Gold Bug

Gold Bug
Gold has one interesting attribute that makes it unique. Throughout all of the history of mankind, gold has been a currency. Why’s that important today? Because people still have a tendency to run to gold during times of uncertainty. Oil prices are going up? The gold bug bites them and they buy some gold. War is brewing? Inflation worries? “Time to add to my gold holdings.”

I see two big problems with this. First, we’re not on a gold standard any more – the value of money and the value of gold are independent of each other. Secondly, you can’t take a bar of gold to the grocery store and trade it for a loaf of bread – it’s not a liquid asset. In short, gold is jewelry.

I keep hearing people say gold is an inflation hedge. Now, it seems to me that most of the people saying this are the ones who are selling gold. But in fairness, let’s look at the math.

Wharton School finance professor Jeremy Siegel has some revealing numbers in his book Stocks for the Long Run. If you bought a single dollars-worth of bonds in 1801 and held it, you’d have $13,975 today. If you put that same dollar in stocks in 1801, you’d have $8.8 million today. What would you end up with if you had put that same dollar in gold? 14 bucks.
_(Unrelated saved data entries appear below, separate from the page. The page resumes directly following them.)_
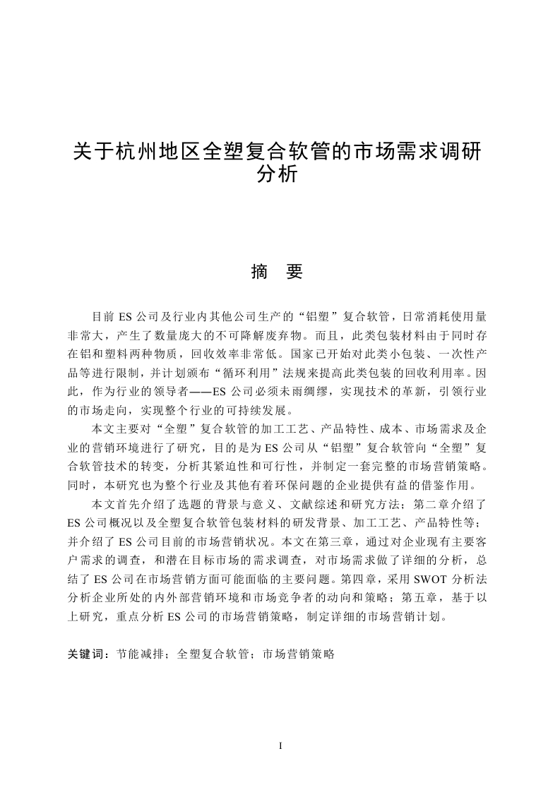 关于杭州地区全塑复合软管的市场需求调研分析摘要目前ES公司及行业内其他公司生产的“铝塑”复合软管,日常消耗使用量非常大,产生了数量庞大的不可降解废弃物。而且,此类包装材料由于同时存在铝和塑料两种物质,回收效率非常低。国家已开始对此类小包装、一次性产品等进行限制,并计划颁布“循环利用”法规来提高此类包装的回收利用率。因此,作为行业的领导者一一ES公司必须未雨绸缪,实现技术的革新,引领行业的市场走向,实现整个行业的可持续发展。本文主要对“全塑”复合软管的加工工艺、产品特性、成本、市场需求及企业的营销环境进行了研究,目的是为ES公司从“铝塑”复合软管向“全塑”复合软管技术的转变,分析其紧迫性和可行性,并制定一套完整的市场营销策略。同时,本研究也为整个行业及其他有着环保问题的企业提供有益的借鉴作用。本文首先介绍了选题的背景与意义、文献综述和研究方法:第二章介绍了E$公司概况以及全塑复合软管包装材料的研发背景、加工工艺、产品特性等:并介绍了ES公司目前的市场营销状况。本文在第三章,通过对企业现有主要客户需求的调查,和潜在目标市场的需求调查,对市场需求做了详细的分析,总结了ES公司在市场营销方面可能面临的主要问题。第四章,采用SWOT分析法分析企业所处的内外部营销环境和市场竞争者的动向和策略:第五章,基于以上研究,重点分析ES公司的市场营销策略,制定详细的市场营销计划。关键词:节能减排:全塑复合软管:市场营销策略目录摘要…目录第一章全塑复合软管的市场需求调查分析31.1市场调查的目的和方法1.11现有目标市场调查的目的和方法1.1.2潜在目标市场调查的目的和方法1.2市场调查结果分析…51.2.】现有目标市场调查结果分析…12.2潜在目标市场调查结果分析1.3ES公司市场营销面临的主要问题分析第二章ES公司全塑复合软管市场营销环境分析122.1外部环境分析22.2内部环境分析…2.3竞争对手市场动向和策略分析…13第三章ES公司全塑复合软管市场营销策略3.1市场发展规划.3.2市场营销策略3.3扩大市场总需求营销策略163.4实现市场营销策略的建议结论…18致谢…19参考文献.20附录绪论随着全球变暖的日益严重,全世界掀起了一股股节能减排的热潮。近几年,中国也陆续颁布新的法令法规来限制能源的过度开发、利用,并鼓励对不可再生资源的回收利用,以达节能减排的目的。特别是与石油产品链相关的产品,随着国家“限塑令”的推出和“循环利用”法规的逐渐实施,一时间塑料包装产品面临着巨大的挑战。这种挑战不仅仅来自国家政策的压力,更重要的是企业产品如何转型的问题。从目前整个复合软管行业的现状看,产品的转型势在必行。据统计我国每年消耗掉的铝塑复合软管将近30亿支,而且还在逐年递增。但是由于“铝塑”复合软管中含有铝箔和塑料,当前,对此类材料的回收利用非常困难,处理不好很容易产生二次污染:而物理的分离回收办法,成本非常高,没有经济性。因此,为解决产品的环保问题,顺应国家政策方向,E$公司加大了在相对环保的产品的研发和投资力度,逐步提高并完善了“全塑”复合软管的生产工艺和技术,使“全塑”复合软管成为十分成熟的产品。但是由于种种原因,“全塑”复合软管在市场上的应用比例却一直很低。目前,“铝塑”复合软管和“全塑”复合软管的使用比例非常悬殊,大概为:95%和5%,“全塑”复合软管全面替代“铝塑”复合软管的过程,必将是一个巨大的挑战,但同时又是很大的机遇。第一章全塑复合软管的市场需求调查分析“市场调研与预测,是确保企业实现价值的最基础的工作,是决定企业行动方向的依据。这一环节一旦失误,往往是难以逆转的,给企业造成的损失将是最大的。”作为复合软管行业的领导者,ES公司必需在大面积推广全塑复合软管之前做好充足的市场调查工作,为市场营销策略提供充足的信息和数据支持。1.1市场调查的目的和方法大约在12年之前,牙膏产品的包装几乎全部为铝管。当ES公司把第一支铝塑复合软管带进这个行业时,也曾出现过犹豫、挣扎与拒绝,但最终还是没能抵挡住复合软管的优越性能的吸引,最终纷纷转为复合软管包装。现在全塑复合软管的强势进入,势必也将引起很大的震荡,无论是复合软管行业本身还3
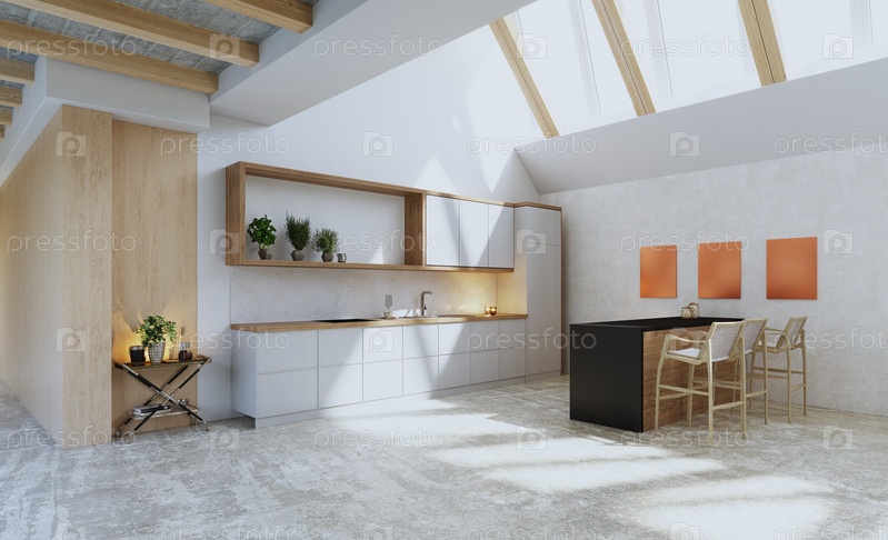 Современная открытая кухня с естественным светом, проникающим через большие окна. 3D-рендеринг
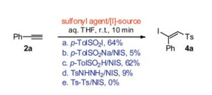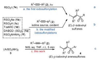 Herein, we report a novel method for the synthesis of (E)-β-iodovinyl arenesulfones (4), in which N, N'-disulfonylhydrazines [(ArSO2NH)2, 3] were introduced as new sulfonylating reagents. As shown in Scheme 2c, the desired product 4 was synthesized efficiently by mixing an alkyne (2), a N, N'-disulfonylhydrazine (3) and NIS (N-iodosuccinimide) together in aqueous THF at room temperature within five minutes.
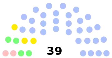 - 39 sièges à pourvoir au conseil municipal (population légale 2017 : 38 578 habitants)
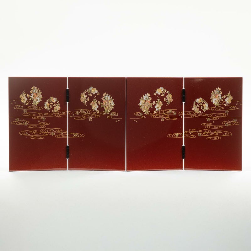 ■茜色屏風は蒔絵で桜を描きました。

I don’t know about you, but I’m not planning to live anywhere near 200 years. And even if I was, there’s not nearly enough benefit in putting money in gold for the long haul. So what to do with gold? Some people speculate on gold, gambling on the ups and downs of the gold market. If you can buy gold low and sell it high, you can make money. But most people who buy gold aren’t speculators – instead, they get emotional about it, and keep buying more gold even when (like now) its price is at a high.

Gold doesn’t generate interest. It doesn’t earn dividends. There’s no profit motive inherent in gold – it’s just a lump of metal. In short, gold is not an investment – it’s jewelry. Use it to invest in your relationship, not in your financial future.